Life on Main Street by Morgan Thorpe

step 12 magazine recovery addiction

The bright blue sky has been replaced by its distant cousin, grey, and the palm tree silhouettes wave gently in the rain.  It’s a cold day in Huntington Beach, and it will be dark in an hour or so. As I sit in my office on Main Street, I peer out the window to see the nameless passersby.

There is a family getting into their SUV, dad is buckling in his Mini-me version of mom, a tan homeless man is walking on the wet cement with his bare feet, and a group of tourists are window shopping in front of the gift shops.

It’s a simple life here, a good life, and I am happy with where I am and who I have become. I have AA to thank for that.  When I first came into the rooms nearly two and a half years ago, I was broken, I was desperate and I was hopeless. Now, I realize each day is a gift we should not take for granted.

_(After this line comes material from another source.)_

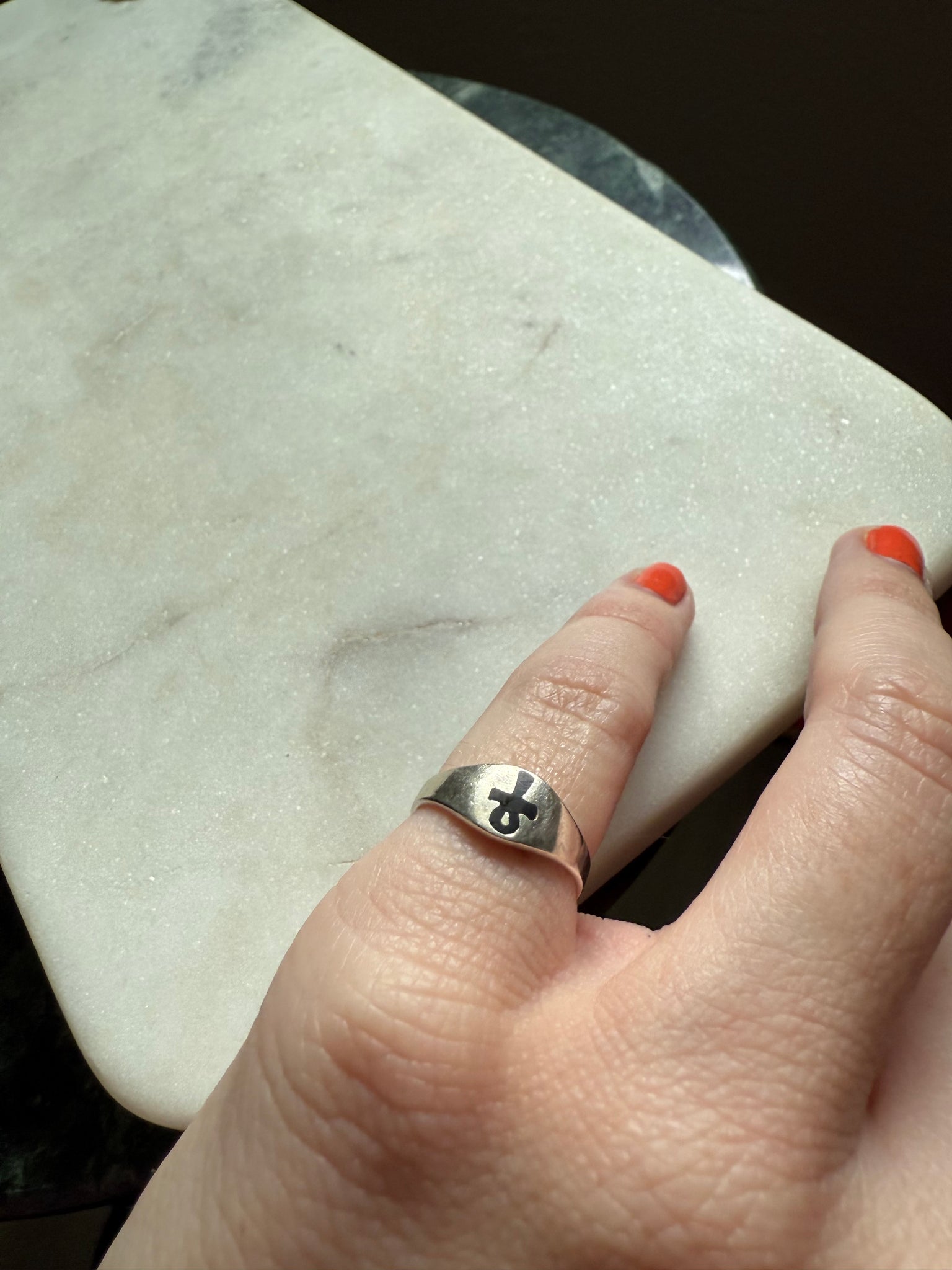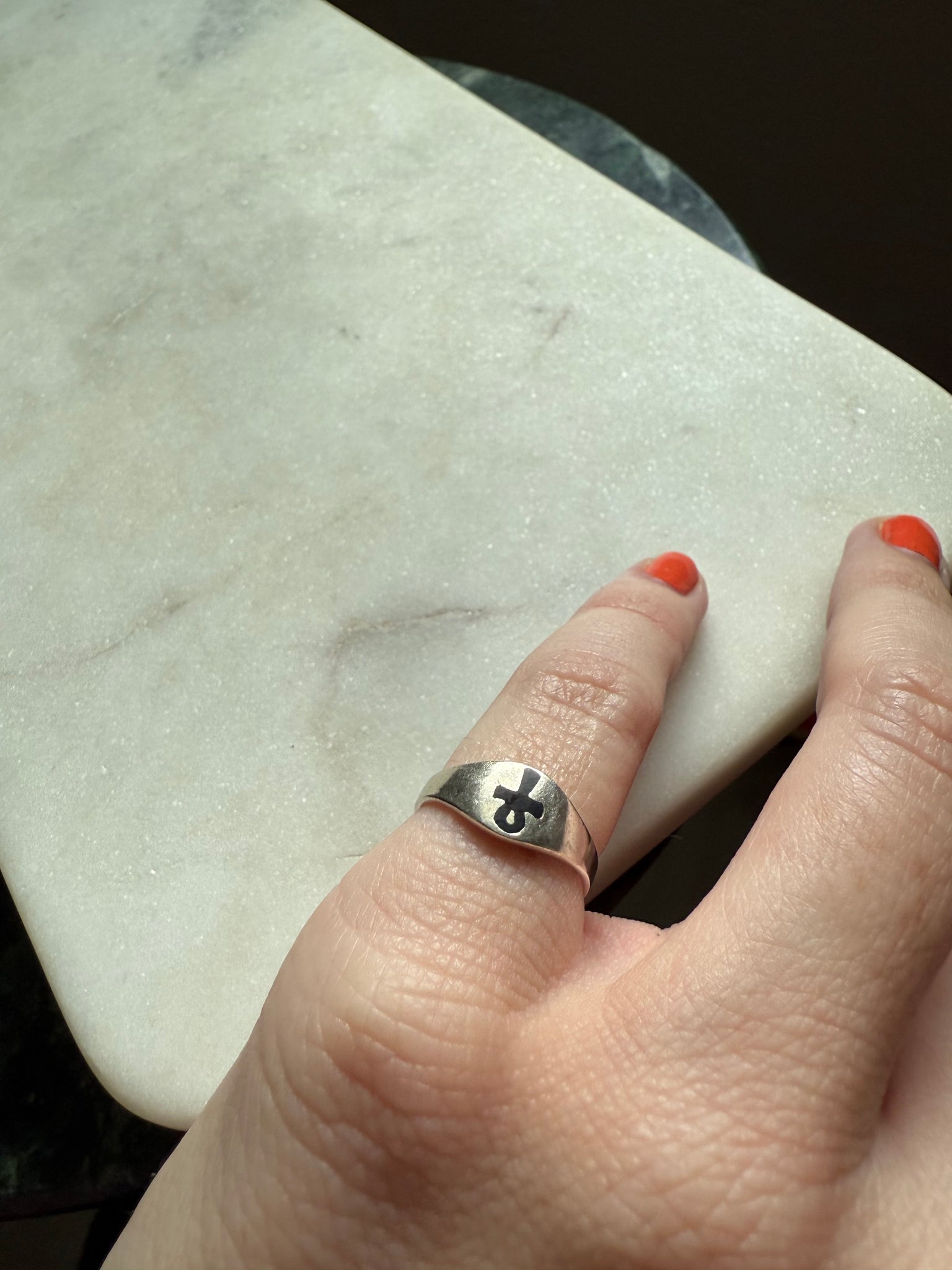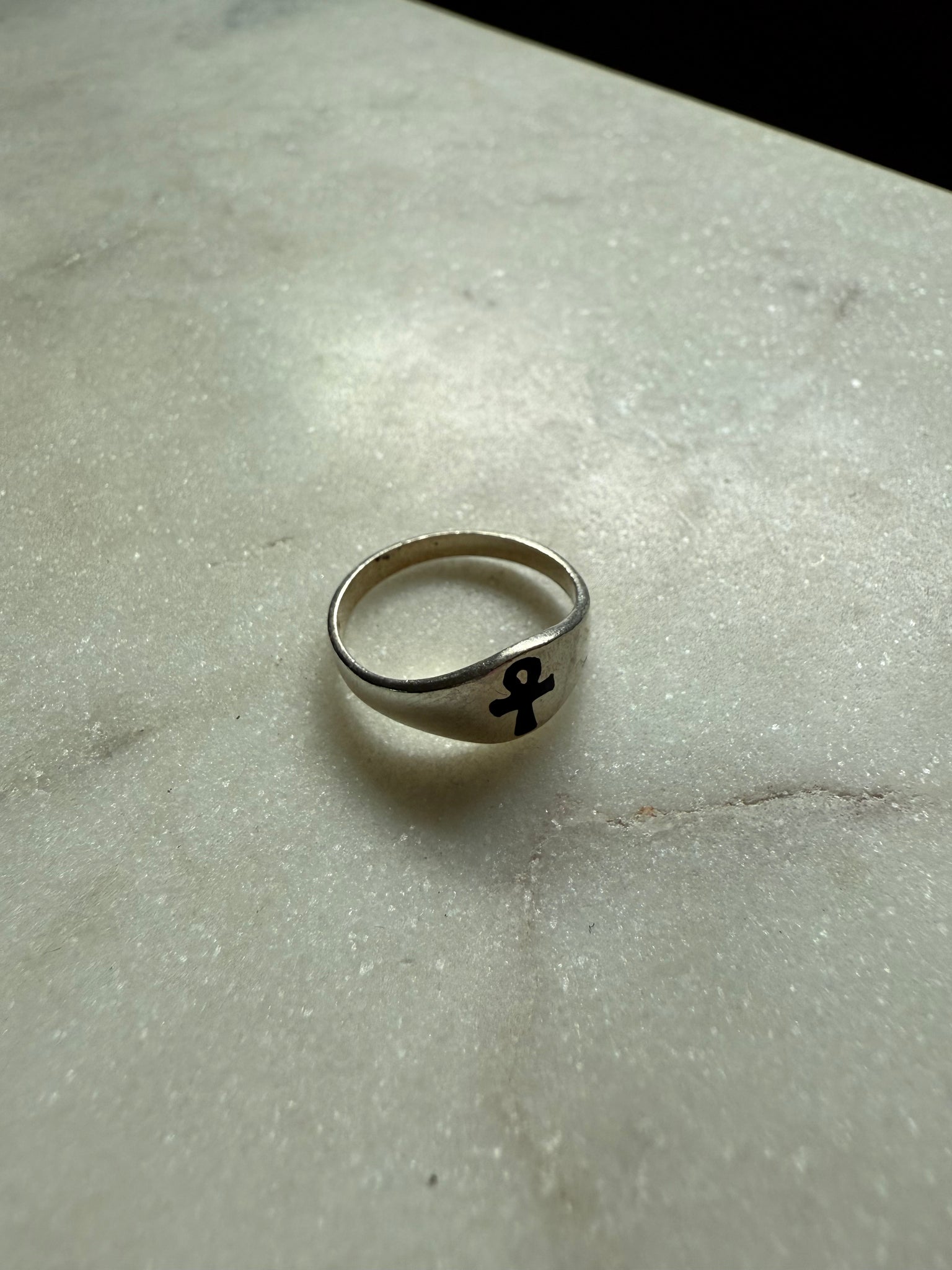 Black Enamel Ankh Sterling Silver Ring Size 5
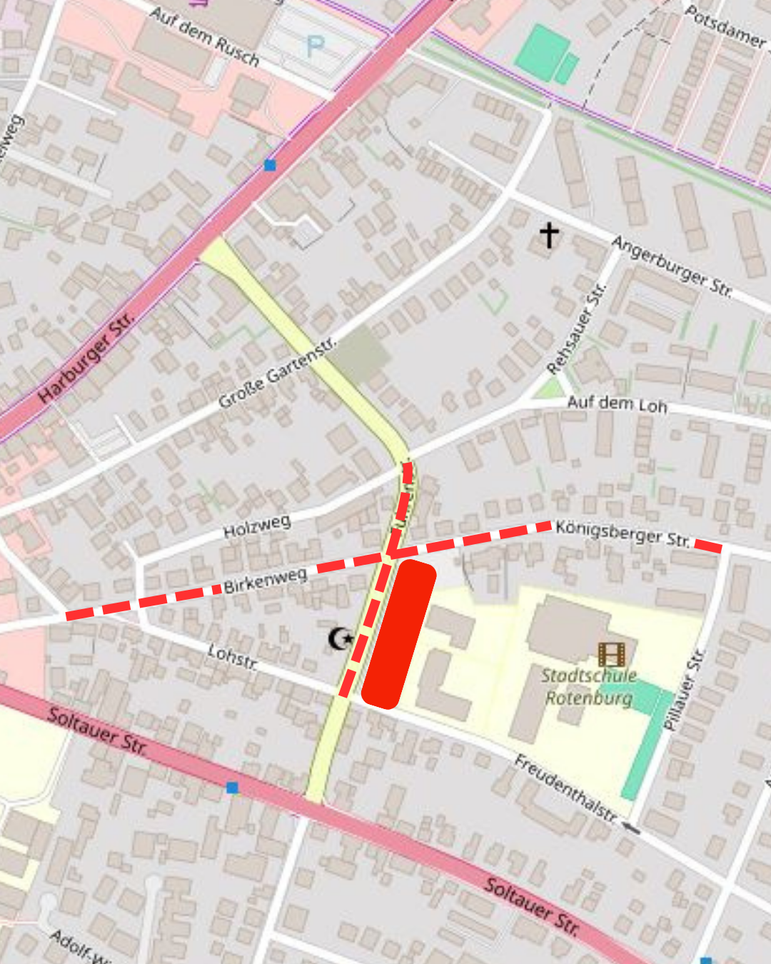 Das betrifft die Fuhrenstraße (auf Höhe der Lohstraße bis zum Holzweg), den Birkenweg (von der Kleinen Gartenstraße aus bis zur Fuhrenstraße) und die Königsberger Straße (von der Fuhrenstraße bis vor die Einmündung zur Pillauer Straße).

For what tomorrow will bring, I do not know, but I do know I wouldn’t be where I am if it hadn’t been for all of those people who helped me along the way. You may not know it now, but I thank you. Perhaps you were the one who held the door open for me that day when I was too weak to open it myself. Maybe it was you that smiled at me the day I had no more smiles left. I don’t remember, but it may have been you who told me, on a dark and desolate day, to never, ever, ever give up. Someone held a flashlight for me in my deepest, darkest hours. The faces I do not remember, but the hope and kindness lit a lantern deep within me that I now proudly carry to others.

I see that, today, God made our hands that so perfectly fit together for a reason. I see that today there is someone and something to live for. You may not know it yet, but perhaps one day as you are walking down Main Street in the rain, I will pause before I open the door for you, or I will smile at you, just as you are about to look away, or maybe you will overhear me telling someone to never give up, keep looking up, do not quit five minutes before the miracle happens.  That’s what we do today because we cannot keep what we have unless we give it away.

I have a lot to be grateful for today. I may not have all of the material possessions I used to but that is okay because what matters is that I am able to turn around, and share the hope that was so freely given to me.

The bright blue sky fades into darkness as I leave my office.  I smile as I look up at the stars. My times have changed, I think to myself, my it is a beautiful world I say softly aloud.  I am filled with gratitude for the kindness of others over the years. As I walked to my car a stranger passes by, we smile at each other just as we are about to look away. And after a brief moment I finally understand; God has been here on Main Street all along.